# Work in Chicago western burbs....



## Mr.Mike (Oct 19, 2006)

Is there anyone looking for plow drivers this season? I know the season has already started, but the company I was supposed to work for has not called me out yet, and no one returns my phone calls. I am getting eager to get out and plow. I have about 12 years of experience in snow and ice control. This is the first year I'm not running my own truck. I live in Du page county and I am available 24/7. Thanks. -Mike 630-918-8270 :bluebounc


----------



## 4evergreenlawns (Oct 22, 2002)

I left you a voice mail CALL ME!!!! 

Ron G. 
630 675-2939


----------



## scottL (Dec 7, 2002)

Let me just pop this thread....

I'm in West Chicago, IL ( next to St. Charles ) and I was looking to pick up some extra hours at the beginning of a storm. Currently I sub out of the Wheaton area but, usually we go out after a trigger which is typically clean up time. Prior I usually have many hours available.
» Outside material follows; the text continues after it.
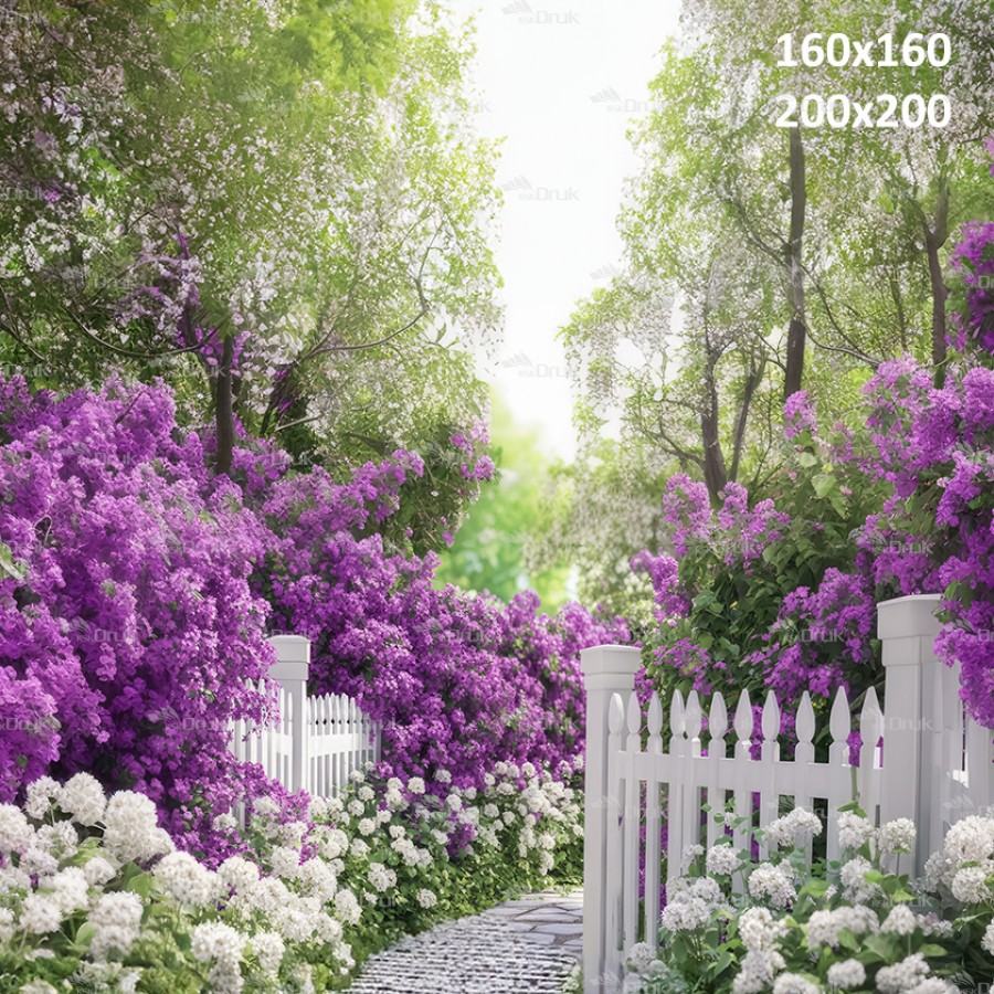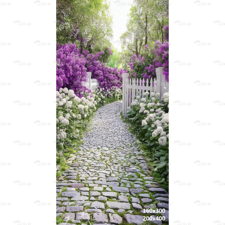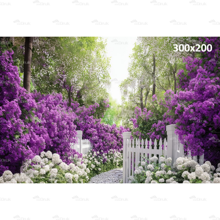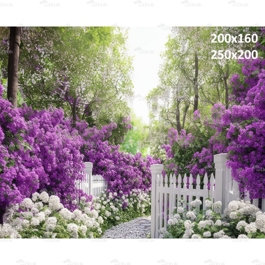 Tagi: Tło fotograficzne E515, tło wiosenne, wiosna, kwitnący sad, kwitnący ogród, biały płot, kamienna ścieżka, białe i fioletowe kwiaty

I'm into my tenth season plowing, clean record and very efficient. Sites included town homes, retail lot's, commercial buildings, office complexes, churches, etc. I have a NBS Chevy 2500HD with 8.5 MVP decked out with all the lights. If you could use me for some hours PM me.

Thanks,


----------



## 4evergreenlawns (Oct 22, 2002)

Scott,

I am not looking for any subs but thanks for the offer. If you like I would pass on your number to a guy I know that is always looking for guys (that know what they are doing) for hours here and there during a storm. 
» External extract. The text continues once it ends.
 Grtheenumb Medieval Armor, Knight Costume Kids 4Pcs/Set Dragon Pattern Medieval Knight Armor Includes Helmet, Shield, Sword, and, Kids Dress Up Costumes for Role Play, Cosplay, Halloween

I should add. Even though I did speak with Mr. Mike and he stated he was interested in the job other then the 1 phone conversation where he told me he was a very dependable guy looking for a small company where he would not get lost in the mix. He has NEVER returned a call since then. Why post something stating you are looking for a job and then stated you want the job as offered and then go ghost????
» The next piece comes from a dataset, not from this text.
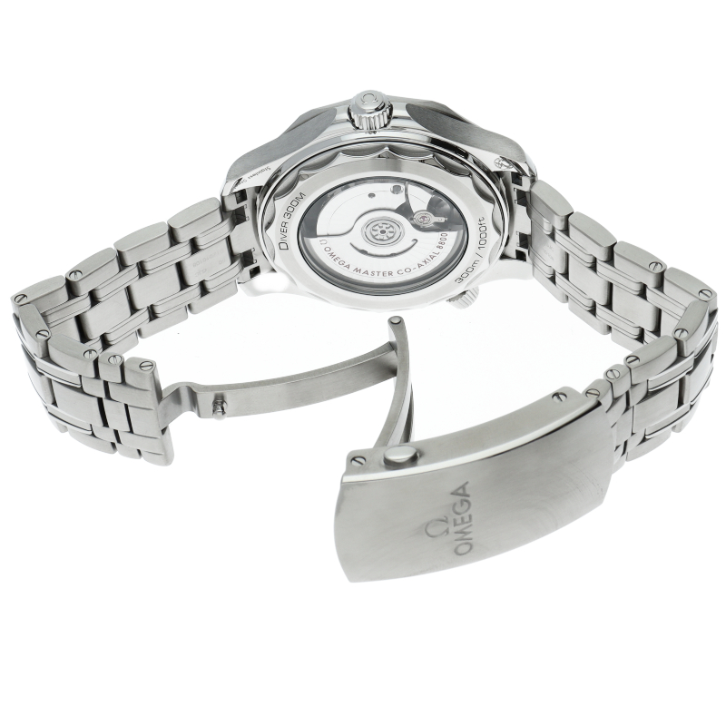 オメガの定番ダイバーズウォッチです。2018年に発表された最新型です。オメガ最新式の機械であるキャリバー8800を搭載しマスタークロノメーター化されました。シースルーバックとなり、中の機械を見て楽しむ事ができます。

I have found a driver and even have a back up as once the word got out I had several calls as people that know me know what kind of operation I run and know they get paid for the work they do. 

So Mr. Mike a simple phone call in return to the several voice mails left for you would have gone a long way. But waht should you really expect from the internet. 

Ron G.


----------



## scottL (Dec 7, 2002)

Hey Thanks Ron. I appreciate the hand-off. 

( I had popped into your thread since I knew you were local and I use to live in South Elgin. Sorry to hear the other guy went silent on you ).

-scott


----------